* **Task statement**: Return the full listing unchanged, excluding any images it contains.

* **Input**:
-- Opening Marker --

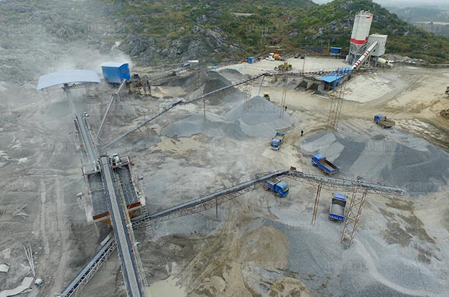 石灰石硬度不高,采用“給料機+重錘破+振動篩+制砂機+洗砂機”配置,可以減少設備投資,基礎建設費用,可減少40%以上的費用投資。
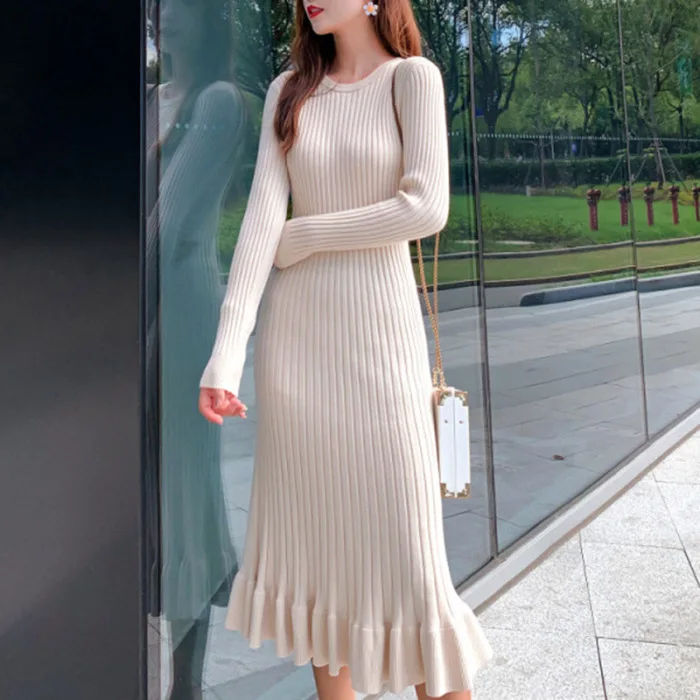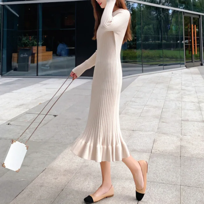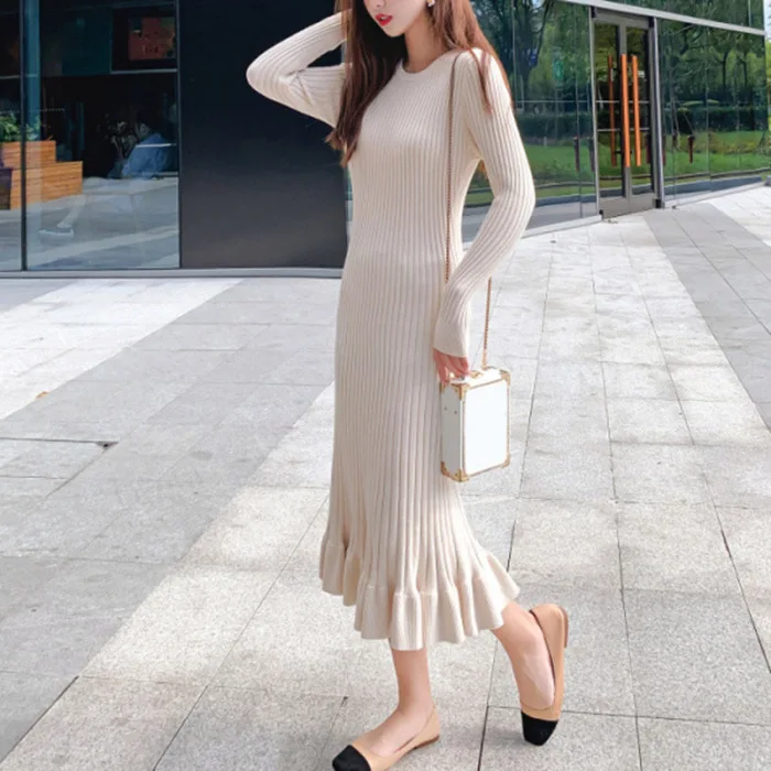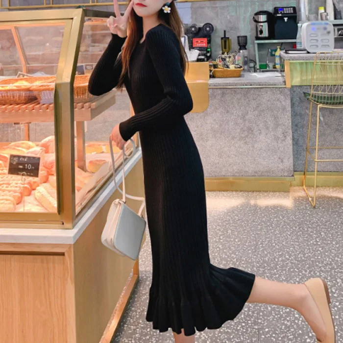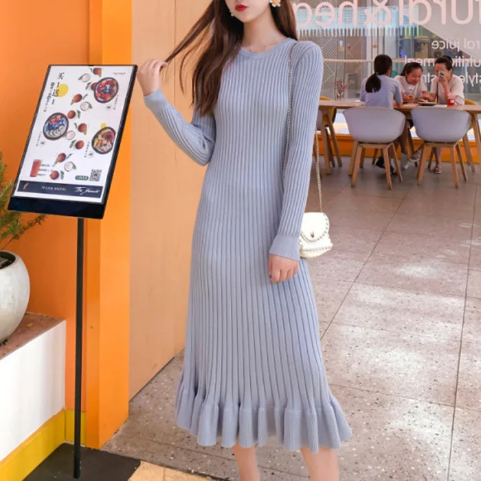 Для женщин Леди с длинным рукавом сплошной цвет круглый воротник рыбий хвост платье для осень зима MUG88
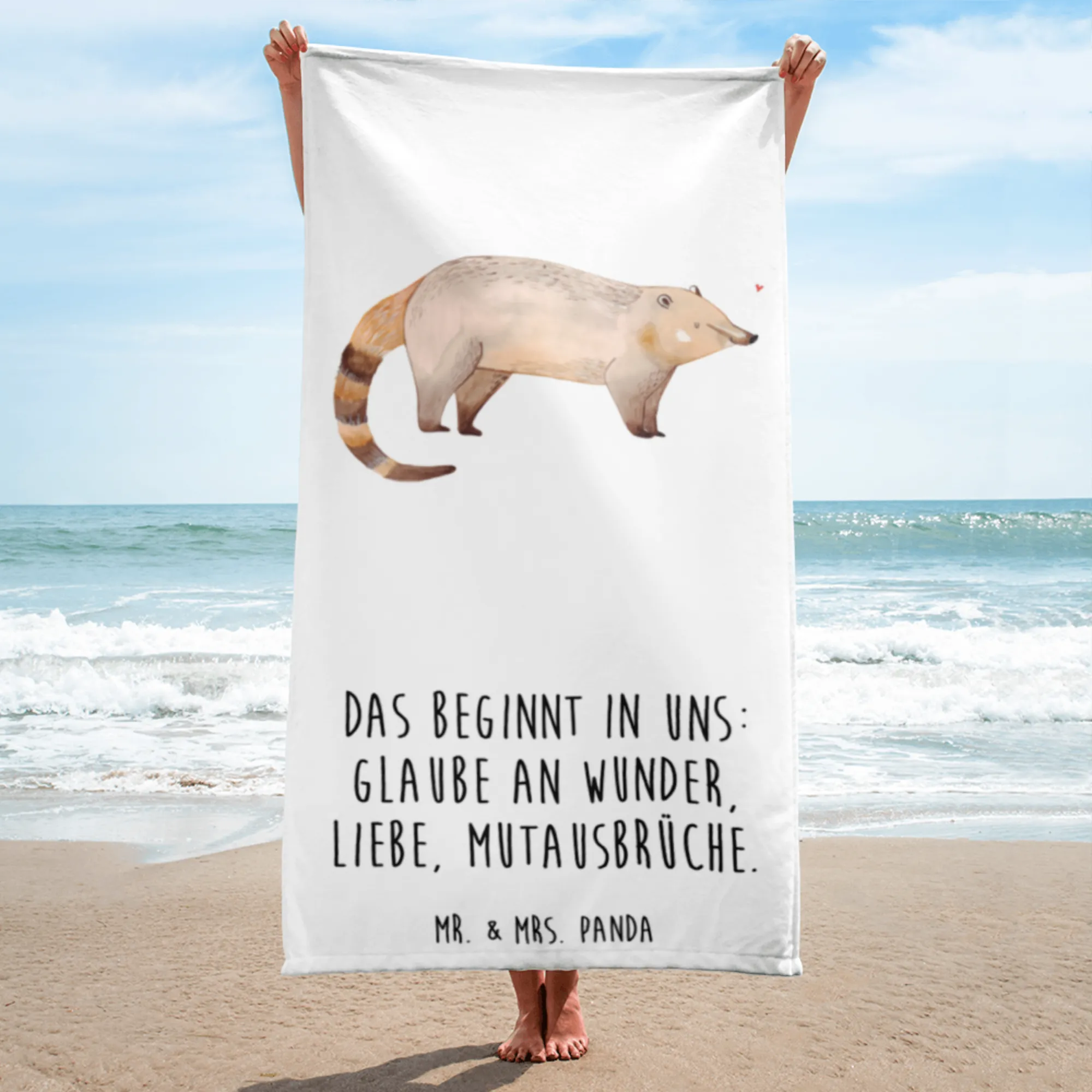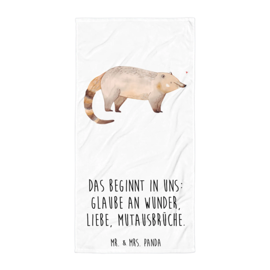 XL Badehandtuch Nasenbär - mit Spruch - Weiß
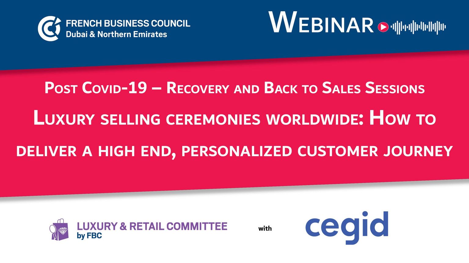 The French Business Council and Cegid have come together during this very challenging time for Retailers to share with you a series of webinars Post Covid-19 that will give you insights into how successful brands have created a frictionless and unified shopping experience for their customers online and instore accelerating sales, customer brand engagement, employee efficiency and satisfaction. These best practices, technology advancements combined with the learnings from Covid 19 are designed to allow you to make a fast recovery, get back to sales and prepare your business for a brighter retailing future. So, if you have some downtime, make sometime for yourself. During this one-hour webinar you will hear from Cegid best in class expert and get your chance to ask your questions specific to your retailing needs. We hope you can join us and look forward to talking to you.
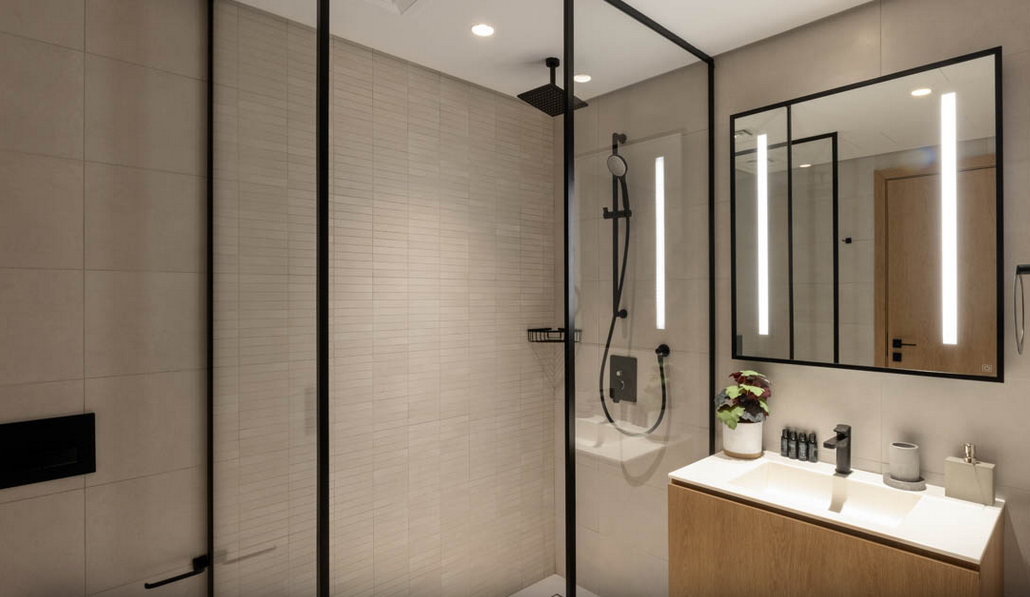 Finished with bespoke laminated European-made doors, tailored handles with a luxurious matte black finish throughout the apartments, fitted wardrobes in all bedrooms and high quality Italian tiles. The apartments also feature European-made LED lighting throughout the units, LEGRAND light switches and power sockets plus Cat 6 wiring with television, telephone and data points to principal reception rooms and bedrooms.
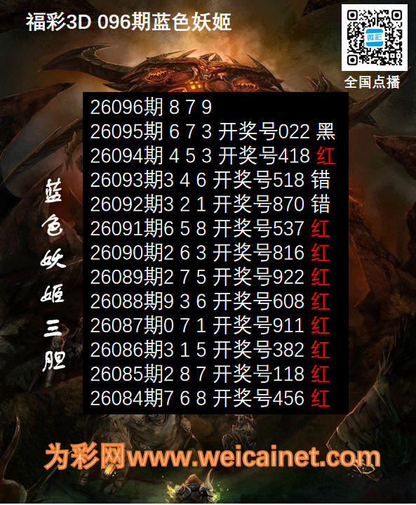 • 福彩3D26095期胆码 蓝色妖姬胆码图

-- Closing Marker --

* **Exercise response**:
 石灰石硬度不高,采用“給料機+重錘破+振動篩+制砂機+洗砂機”配置,可以減少設備投資,基礎建設費用,可減少40%以上的費用投資。
 Для женщин Леди с длинным рукавом сплошной цвет круглый воротник рыбий хвост платье для осень зима MUG88
 XL Badehandtuch Nasenbär - mit Spruch - Weiß
 The French Business Council and Cegid have come together during this very challenging time for Retailers to share with you a series of webinars Post Covid-19 that will give you insights into how successful brands have created a frictionless and unified shopping experience for their customers online and instore accelerating sales, customer brand engagement, employee efficiency and satisfaction. These best practices, technology advancements combined with the learnings from Covid 19 are designed to allow you to make a fast recovery, get back to sales and prepare your business for a brighter retailing future. So, if you have some downtime, make sometime for yourself. During this one-hour webinar you will hear from Cegid best in class expert and get your chance to ask your questions specific to your retailing needs. We hope you can join us and look forward to talking to you.
 Finished with bespoke laminated European-made doors, tailored handles with a luxurious matte black finish throughout the apartments, fitted wardrobes in all bedrooms and high quality Italian tiles. The apartments also feature European-made LED lighting throughout the units, LEGRAND light switches and power sockets plus Cat 6 wiring with television, telephone and data points to principal reception rooms and bedrooms.
 • 福彩3D26095期胆码 蓝色妖姬胆码图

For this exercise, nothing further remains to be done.